Filmmaker Henry Griffin recommends Hellzapoppin'
This may well be one of the wackiest movies ever made.
1941
"Any similarity between Hellzapoppin' and a motion picture is purely coincidental." --Disclaimer at the opening of Hellzapoppin'
Hellzapoppin' is easily the strangest musical Hollywood ever produced, a self-conscious meta-movie lost on the road between Tristram Shandy and Schizopolis. For one thing, it opens in the projection booth, with the movie about to begin. Then the "real" picture opens with a musical number set in hell, where we meet Ole Olsen and Chic Johnson, the stage comedians whose eponymous, plotless Broadway revue inspired the movie. After a few gags, they storm through the brimstone onto the soundstage of their movie, Hellzapoppin'. They quarrel with the director and writer, who ultimately sell Olsen and Johnson on the idea that their picture, like all pictures, needs a love story. Then we're in a Long Island mansion, for the love story we've just been pitched.
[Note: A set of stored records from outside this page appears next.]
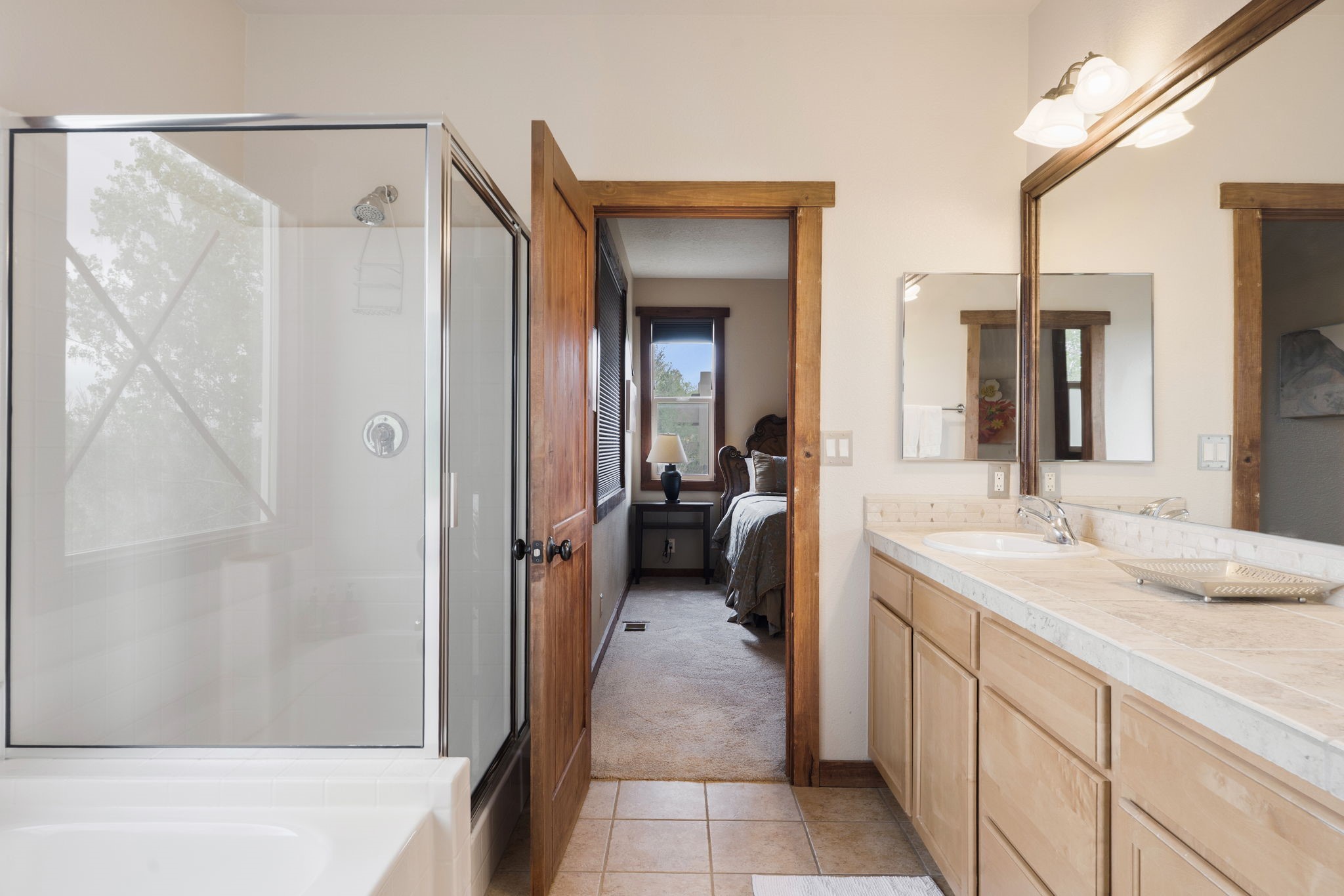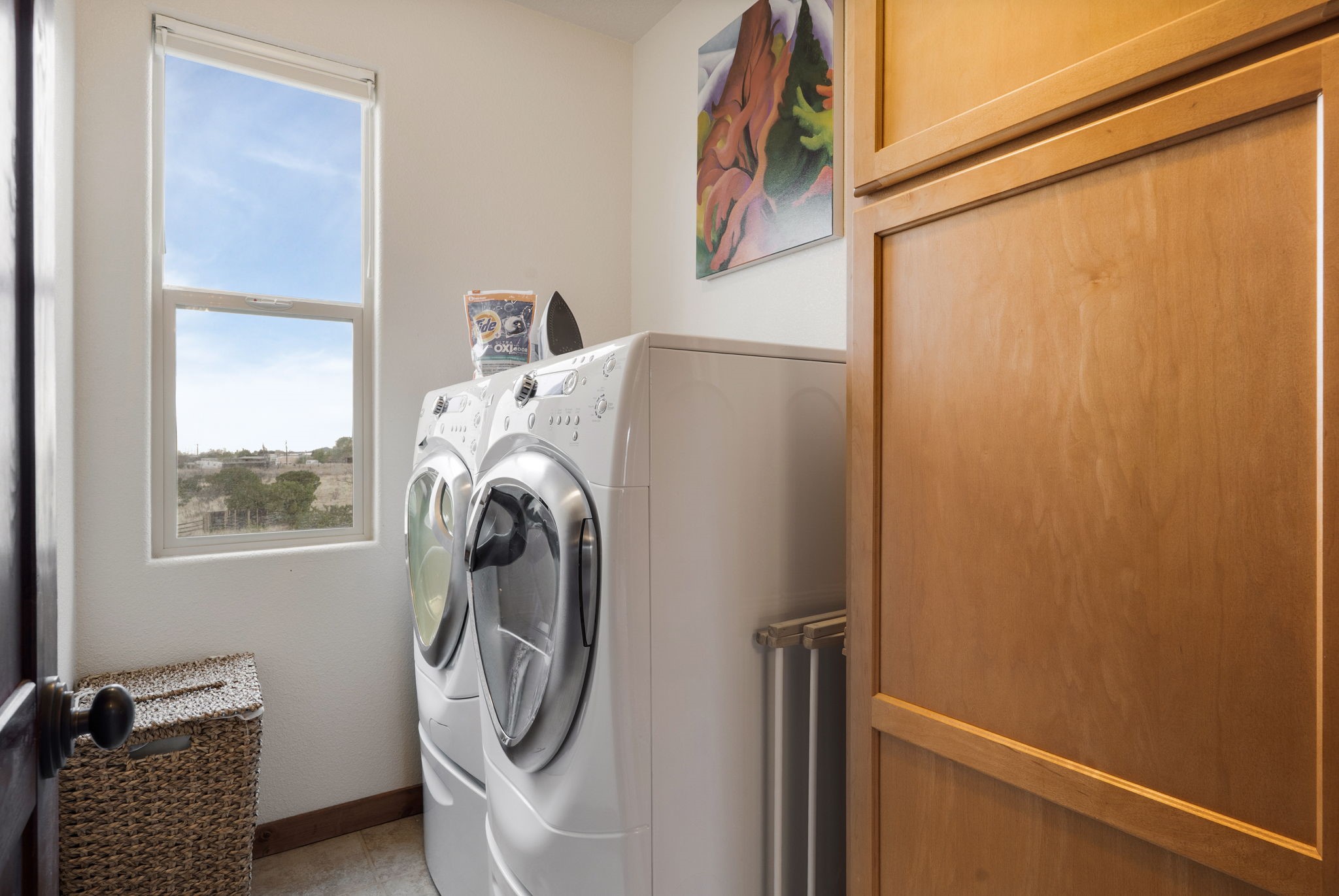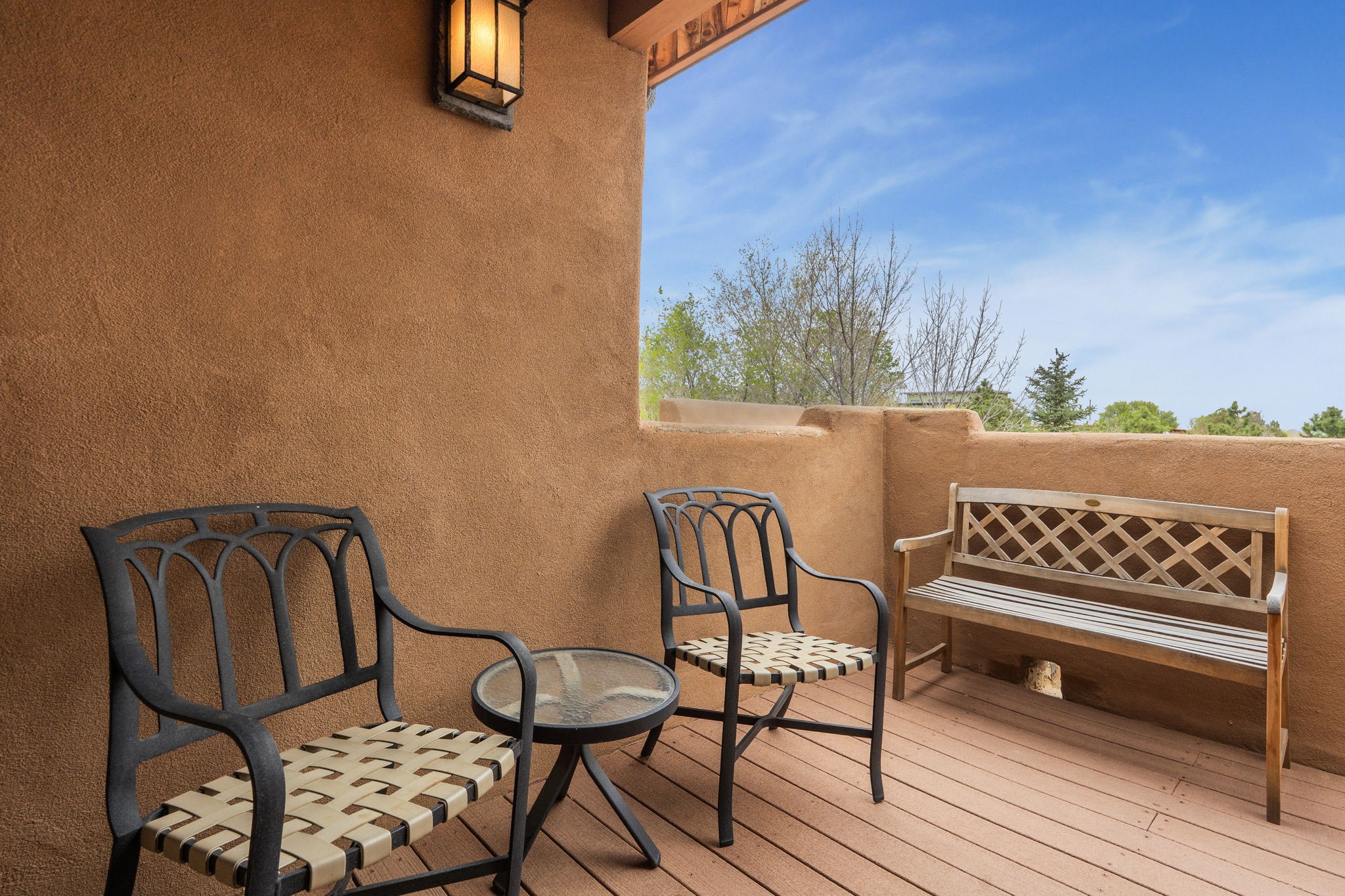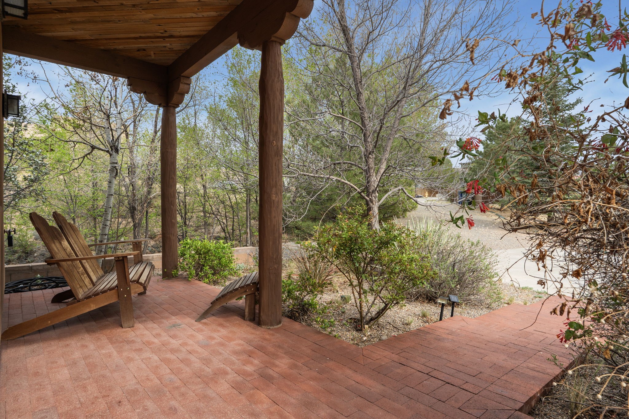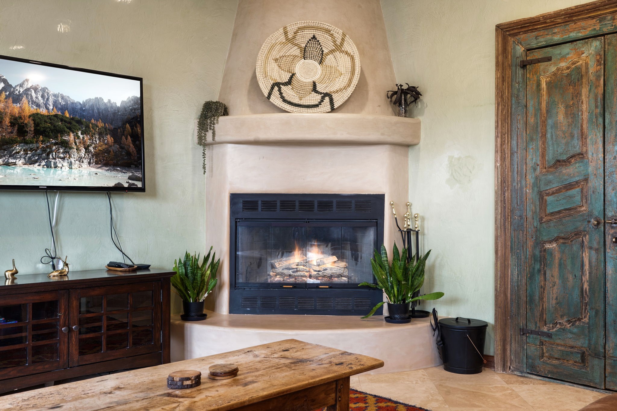 You deserve the finer things in life, and this property is one of them!! Don't miss this gorgeous home on an extremely rare in-town lot that is almost an acre. No expense has been spared in order to create this Santa Fe dream home. Upon entering, you are greeted by a grand foyer with a large crystal chandelier. Colorful prisms of light dance off the warm venetian plaster walls. In the open concept living area, there is a cozy wood-burning fireplace, ornate carved doors throughout, and the custom kitchen boasts rare "Fantasy Brown" honed marble countertops, a lively Mexican hand-painted diamond backsplash, and high-end appliances. A kitchen window graces the sink, so that you can look out over the field next to the house as you prepare dinner. Upstairs you will find three well-appointed bedrooms, a primary suite with luxurious bath and closet, and a large laundry room. There is a deck which offers a view of the city streets. The walled backyard is nothing short of a romantic secret garden, with an outdoor fireplace, box hedges and aspens, and a fountain. The garage is even heated and has windows, offering a flex space for hobbies, a game room, or hanging out. Being at the end of the cul-de-sac ensures maximum privacy. Schedule a showing today and make your dream home a reality!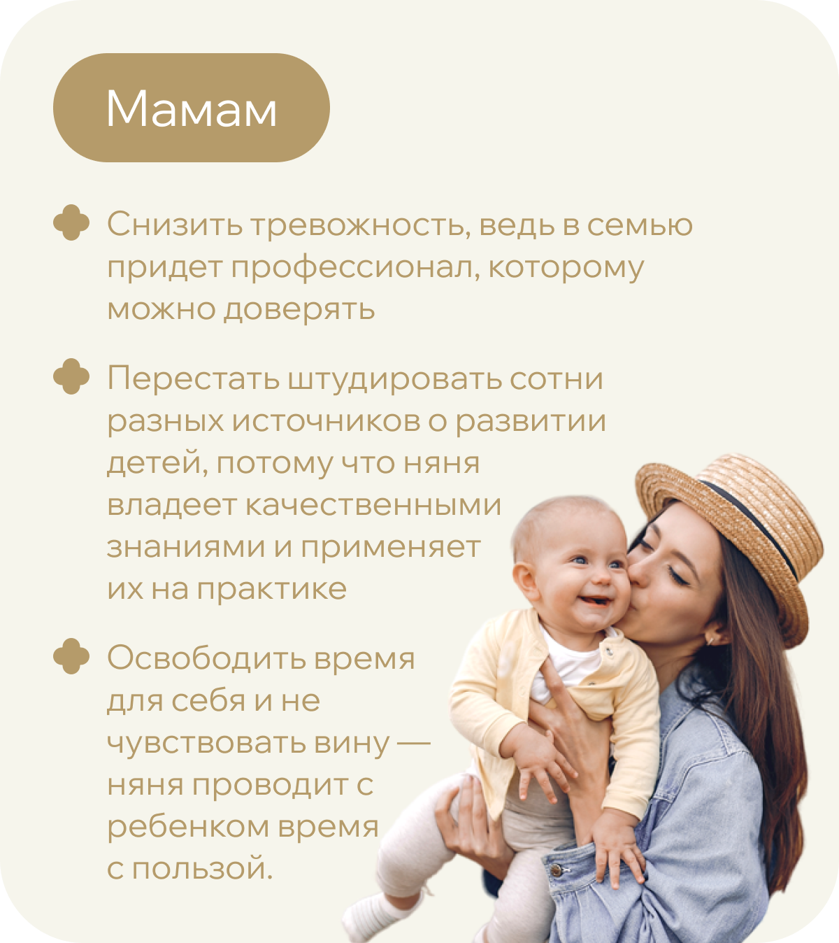 У нас есть корпоративный психолог, который заботится о ментальном здоровье, чтобы няня не выгорала и была в ресурсе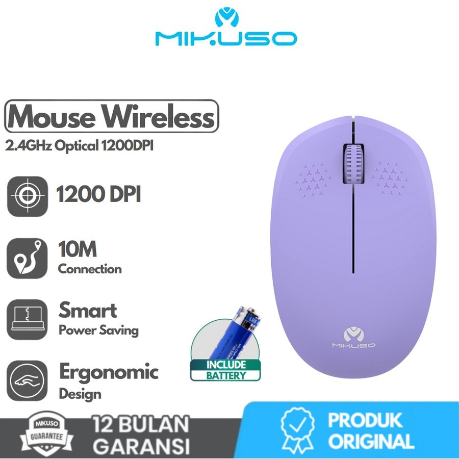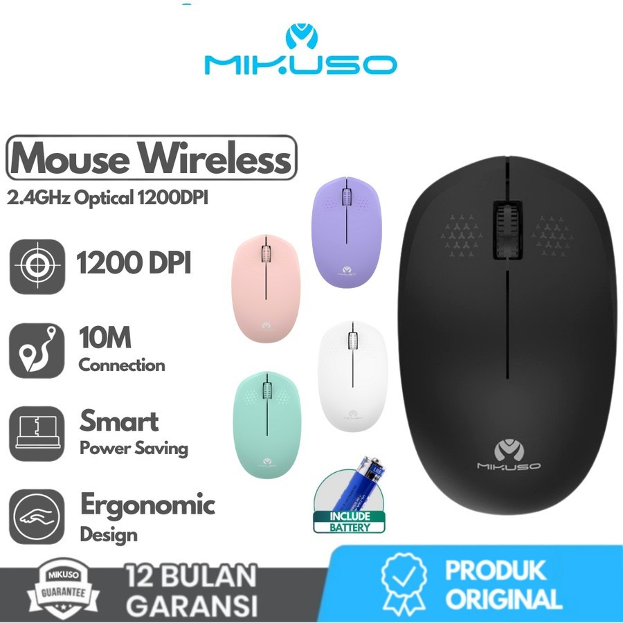 Spesifikasi: Brand : Mikuso Item Code : MOS-W080 Produk Name : Wireless Mouse 2.4Ghz Computer Mouse Mouse Type: 2.4Ghz Wireless Mouse Interface Type : USB Material: ABS Plastic Color : White , Black , Purple , Pink, Green Package : Color box Buttons : 3 Buttons + 1 Wheel Resolution : 1200DPI Working Distance : Up to 10 meters Battery Required : 1pc 1.5v AA Design: : Ergonomic Shape Certificate : CE FCC RoHS Single package size: 20X14X8.5 cm Compatible with : Windows XP/Vista/Windows 7/8/10 and Mac os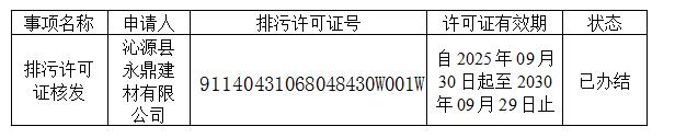 沁源县永鼎建材有限公司排污许可证重新申领核发公告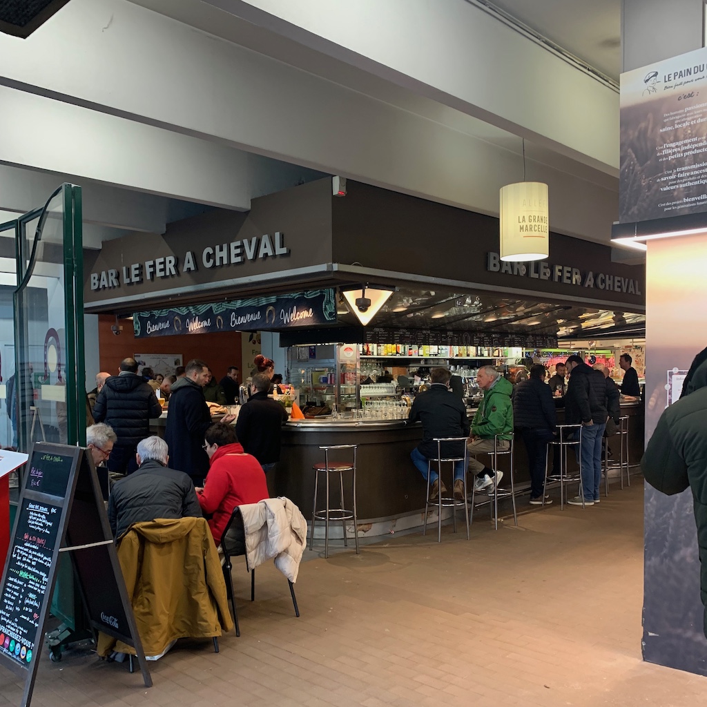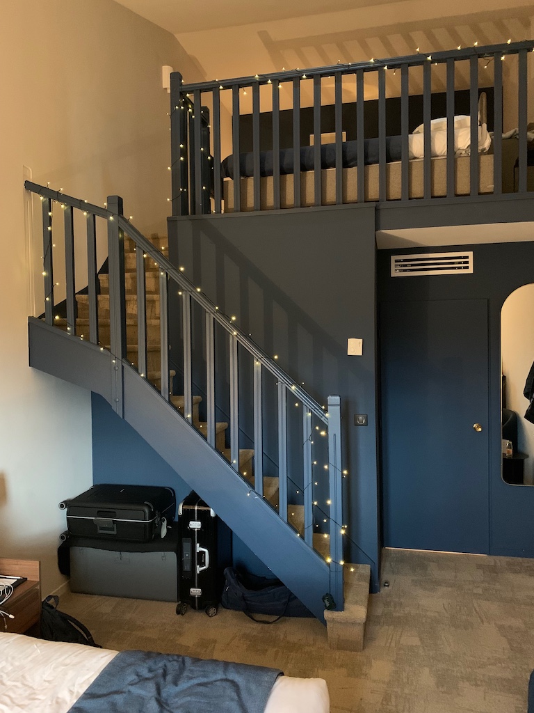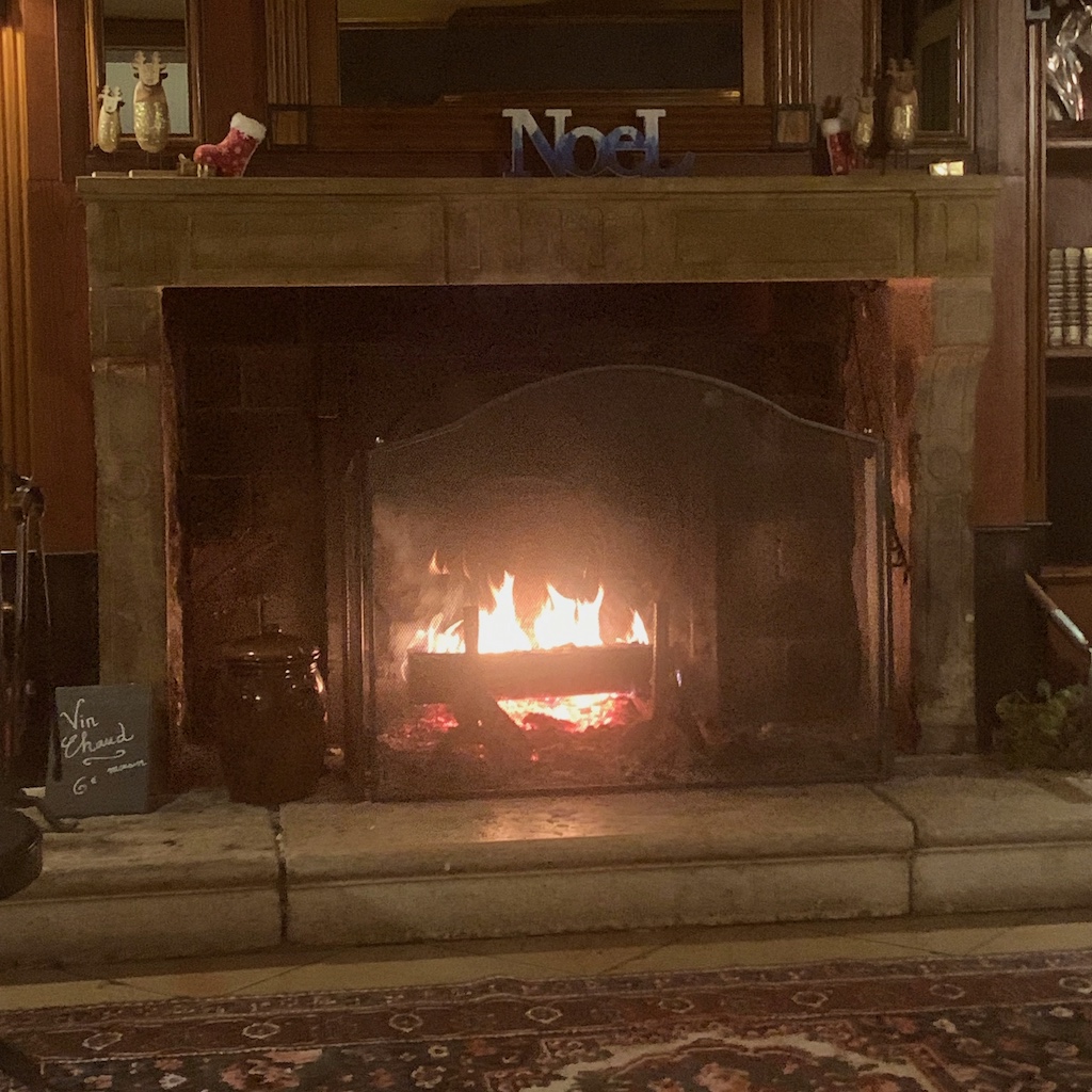 Nach dem Abendessen nahmen wir den letzten Vin Chaud à la maison in der Hotelbar. Der Inder hatte sich dort inzwischen über drei Sessel häuslich eingerichtet und wirkte weiterhin sehr zufrieden. Die Sitzgruppe gegenüber belegten ein Mann und zwei Teenagerjungs, letztere mit Alpaka-Frisuren. (Diese Bezeichnung für die aktuelle Haarmode junger Männer las oder hörte ich kürzlich irgendwo und finde sie sehr trefflich.) Gesprochen wurde fast nicht, alle drei waren intensiv mit ihren Datengeräten beschäftigt. Manchmal hielt einer dem anderen das Gerät vor die Nase, der grinste dann kurz und widmete sich wieder dem eigenen. Unterbrochen wurde ihr Tun durch einen zwischenzeitlich servierten Imbiss, der mit alternativen Tischmanieren vertilgt wurde, den Blick möglichst wenig vom Bildschirm abgewandt. Sie hatten auf ihre Weise Spaß, nehme ich an.

Olsen and Johnson wander through the hijinks like a pair of lost Marx brothers, periodically interacting with the filmmakers (conceiving the movie) and the projectionist (exhibiting and manipulating the completed results). If none of this makes any sense, you're starting to get it. But let me tell you about the best part. Slim Gaillard (the jive-talking guitarist famous for "The Flat Foot Floogie") and his partner, bassist Slam Stewart, dressed as deliverymen, stumble upon a cache of musical instruments. Slim plays the piano with the back of his fingers (one of his old vaudeville tricks; he could also play the guitar and tap-dance simultaneously), attracting jazz musicians from around the mansion, who pick up the other instruments and jam. They strike up a number that attracts the Harlem Congeroo Dancers (dressed like the help), who exploit the Lindy Hop for all it's worth. Suffice to say, it's the most breathtaking, gravity-defying musical number I've ever seen. I'd take it over Seven Brides for Seven Brothers, over the Nicholas Brothers in Stormy Weather, you name it. Hands down.
Henry Griffin is a screenwriter and filmmaker in New Orleans. His films include Mutiny, Tortured by Joy, Flip Mavens, and The Flavor of Plaid. He is currently artist-in-residence at the University of New Orleans.